GIVEN RECORDS =
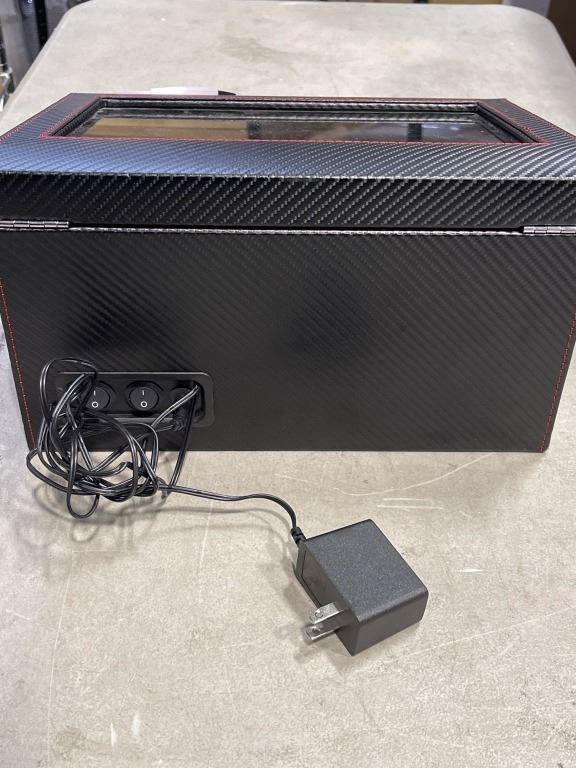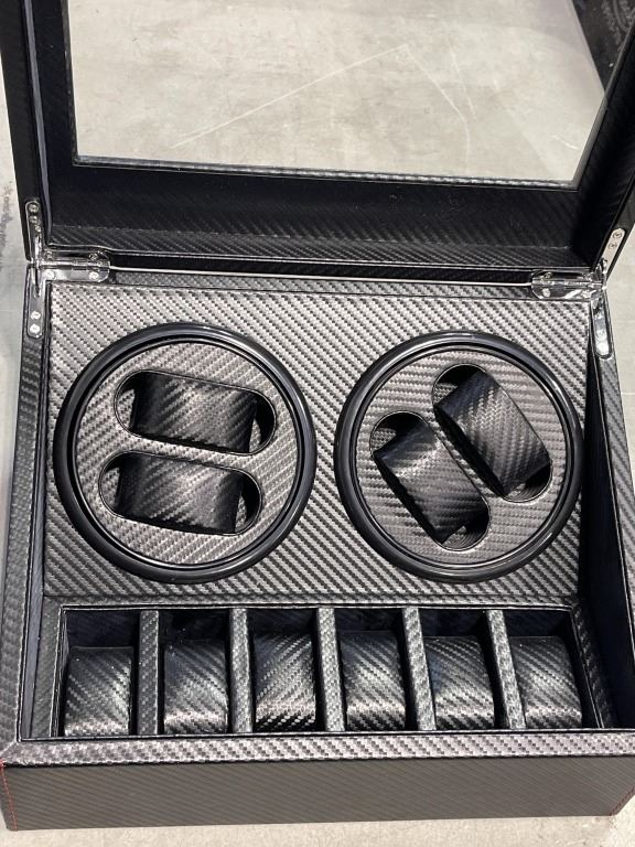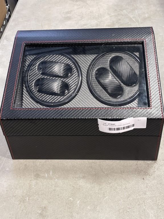 BLACK CARBON LOOK LEATHER AUTOMATIC WATCH WINDER CASE
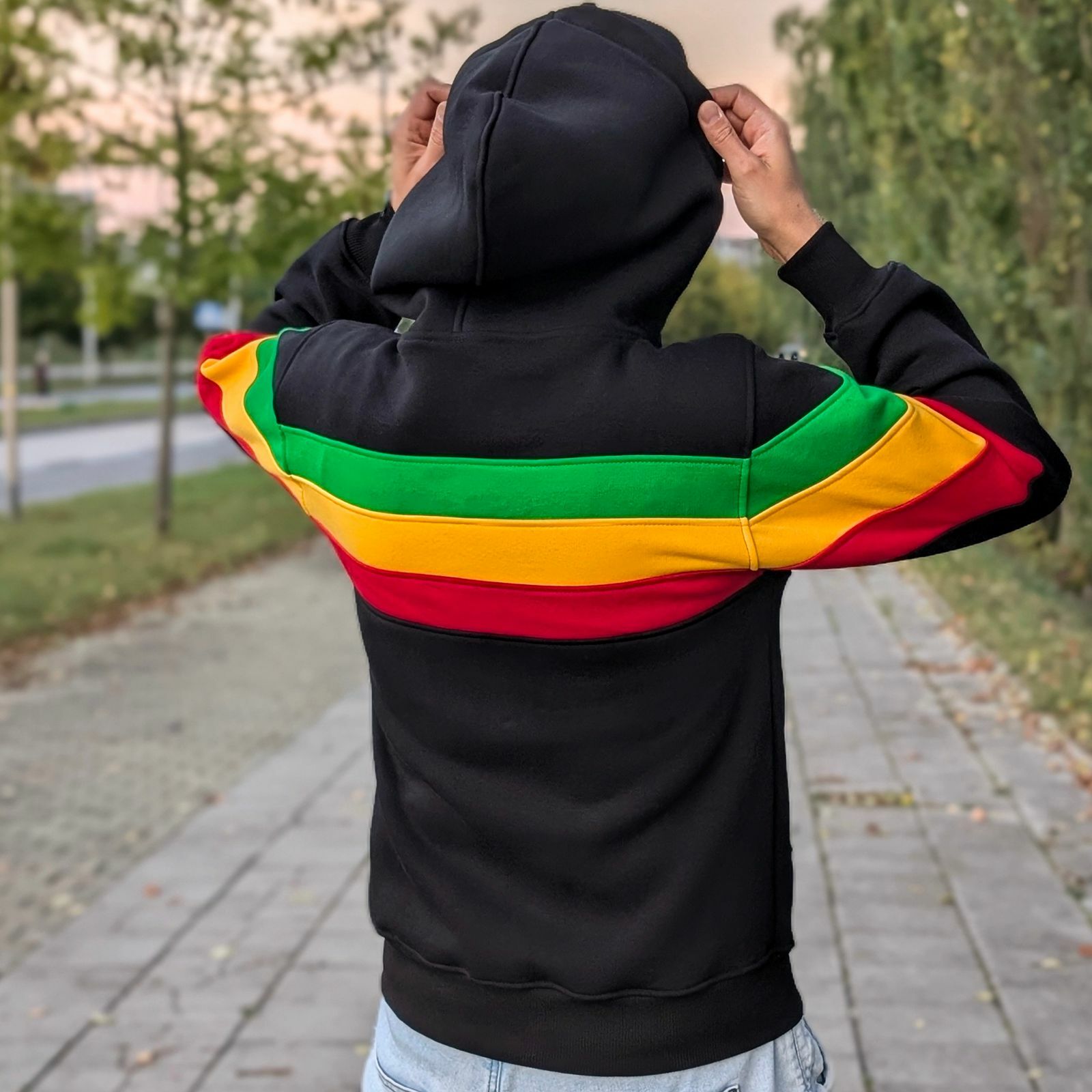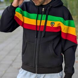Rozepínací mikina s kapucí inspirovaná kulturou Roots Reggae
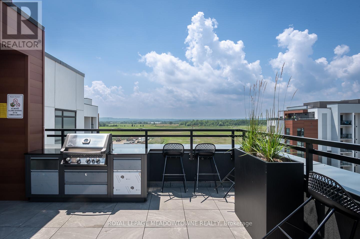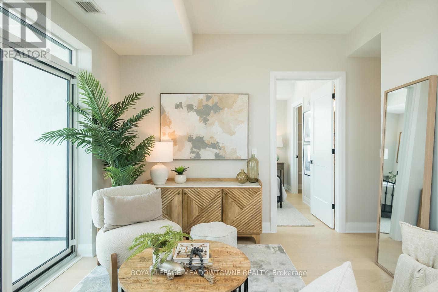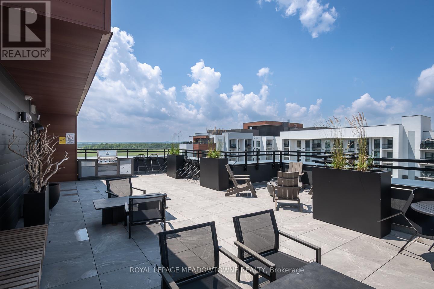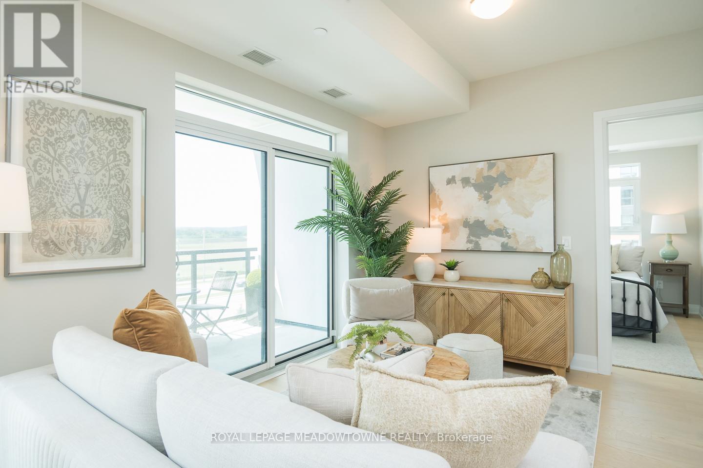 Welcome to this premium, gorgeous, brand new, double corner condo unit offering modern luxury and unbeatable convenience in one of Miltons most sought-after up coming locations. Bonus: 2 parking spots! (1 EV) Enjoy breathtaking panoramic views of the escarpment through floor-to-ceiling windows and soaring high ceilings that fill the space with natural light. This 2-bedroom + den suite features an open-concept living and dining area and a neutral colour palette, and direct access to a private balcony. The sleek high-gloss white kitchen is a chefs dream, boasting quartz countertops, matching backsplash, stainless steel appliances, under-cabinet lighting, and a large island with seating. Both bathrooms are elegantly designed, with the primary offering a 3-piece ensuite and walk-in closet. With two parking spots, in-suite laundry, laminate flooring throughout, and premium building amenitiesincluding concierge service, security cameras, rooftop terrace, party room, and co-working spacethis home has it all including 60K worth of structural and design centre upgrades, Over $50,000 in builder upgrades (flooring, countertops, cabinetry, lighting, appliances, finishes) and $10,000 premium for unit placement (view/floor/unit location). Ideally located near Kelso, Rattlesnake Point, Spring Ridge Farm, the Velodrome, and the future Milton Education Village, with excellent commuter access via the upcoming Tremaine 401 ramp. (id:51158)
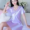 Pijamas para Mujer Verano Seda de Hielo Manga Corta Encaje Sexy Camisón de Seda de Alta Gama Verano Delgada Holgada Ropa para el Hogar
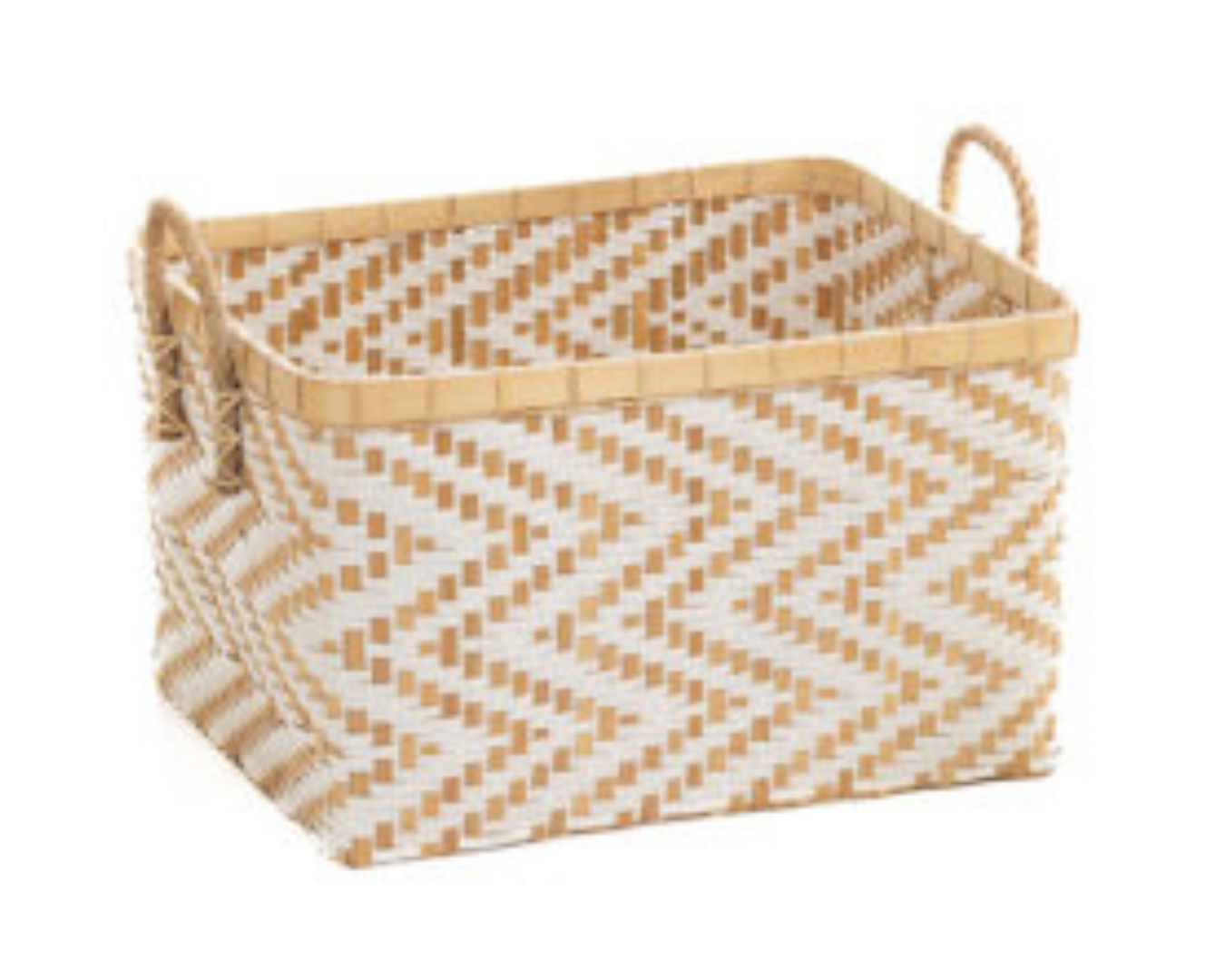 Canasto rect con agarradero b/nat s toki. Canasto tejido en rattan natural y rattan sintético, detalles en bambú y agarraderas en cabuya náutica.
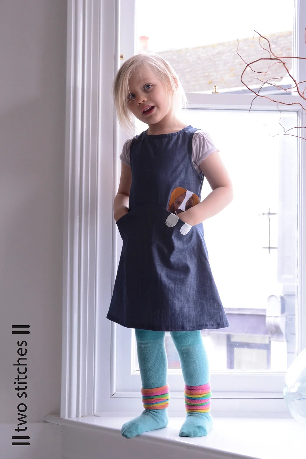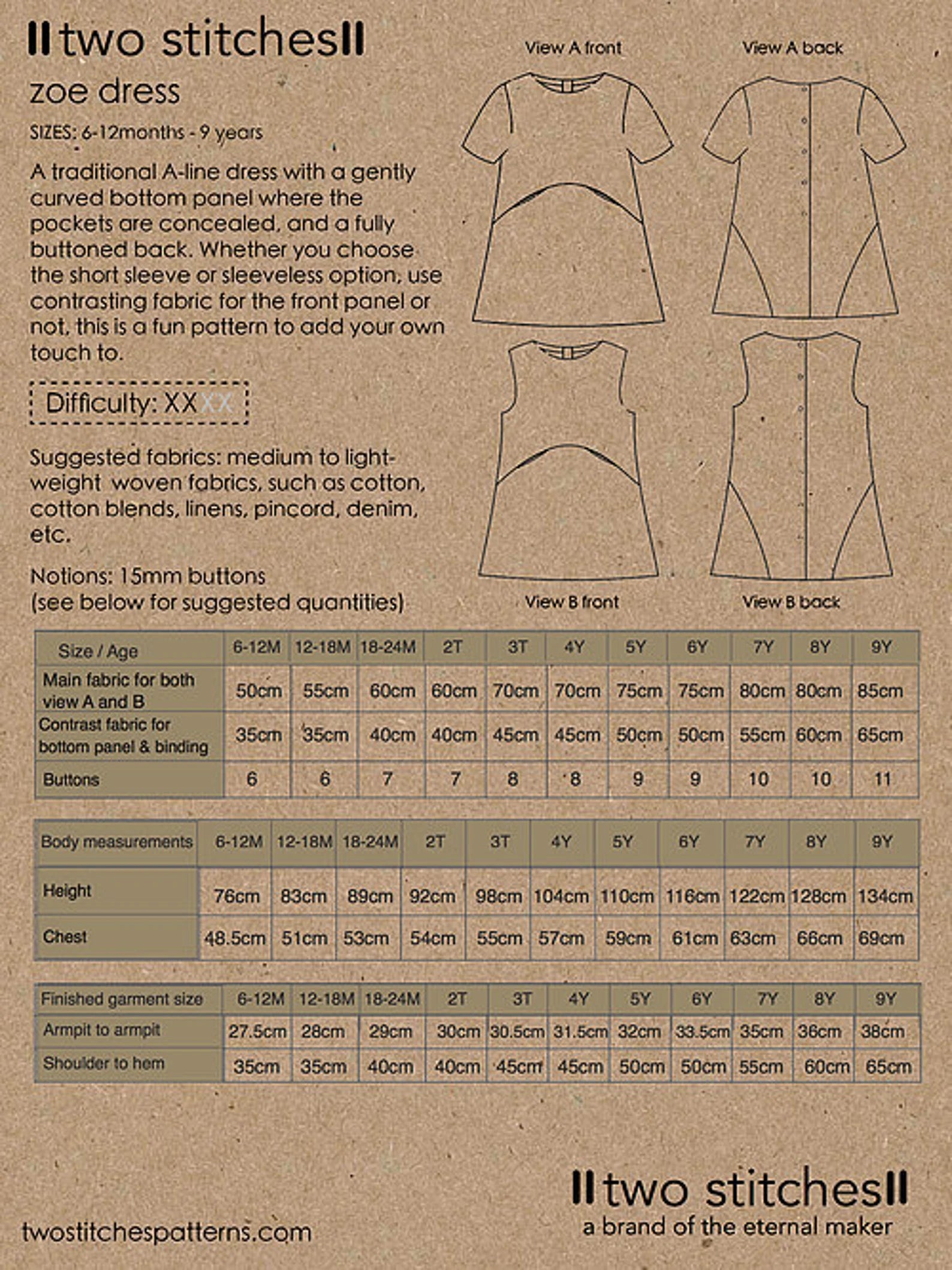 A traditional A-line dress with a gently curved bottom panel where the pockets are concealed, and a fully buttoned back. Whether you choose the short sleeved or sleeveless option, use contrasting fabric for the front panel or not, this is a fun pattern to add your own touch to! You will receive a printed instruction booklet, with full paper pattern templates. Detailed pictures, and step by step instructions on how to make your own Zoe dress

GOAL OF THE EXERCISE =
Every line above should be copied exactly; do not carry over the pictures.

SOLUTION BELOW =
 BLACK CARBON LOOK LEATHER AUTOMATIC WATCH WINDER CASE
Rozepínací mikina s kapucí inspirovaná kulturou Roots Reggae
 Welcome to this premium, gorgeous, brand new, double corner condo unit offering modern luxury and unbeatable convenience in one of Miltons most sought-after up coming locations. Bonus: 2 parking spots! (1 EV) Enjoy breathtaking panoramic views of the escarpment through floor-to-ceiling windows and soaring high ceilings that fill the space with natural light. This 2-bedroom + den suite features an open-concept living and dining area and a neutral colour palette, and direct access to a private balcony. The sleek high-gloss white kitchen is a chefs dream, boasting quartz countertops, matching backsplash, stainless steel appliances, under-cabinet lighting, and a large island with seating. Both bathrooms are elegantly designed, with the primary offering a 3-piece ensuite and walk-in closet. With two parking spots, in-suite laundry, laminate flooring throughout, and premium building amenitiesincluding concierge service, security cameras, rooftop terrace, party room, and co-working spacethis home has it all including 60K worth of structural and design centre upgrades, Over $50,000 in builder upgrades (flooring, countertops, cabinetry, lighting, appliances, finishes) and $10,000 premium for unit placement (view/floor/unit location). Ideally located near Kelso, Rattlesnake Point, Spring Ridge Farm, the Velodrome, and the future Milton Education Village, with excellent commuter access via the upcoming Tremaine 401 ramp. (id:51158)
 Pijamas para Mujer Verano Seda de Hielo Manga Corta Encaje Sexy Camisón de Seda de Alta Gama Verano Delgada Holgada Ropa para el Hogar
 Canasto rect con agarradero b/nat s toki. Canasto tejido en rattan natural y rattan sintético, detalles en bambú y agarraderas en cabuya náutica.
 A traditional A-line dress with a gently curved bottom panel where the pockets are concealed, and a fully buttoned back. Whether you choose the short sleeved or sleeveless option, use contrasting fabric for the front panel or not, this is a fun pattern to add your own touch to! You will receive a printed instruction booklet, with full paper pattern templates. Detailed pictures, and step by step instructions on how to make your own Zoe dress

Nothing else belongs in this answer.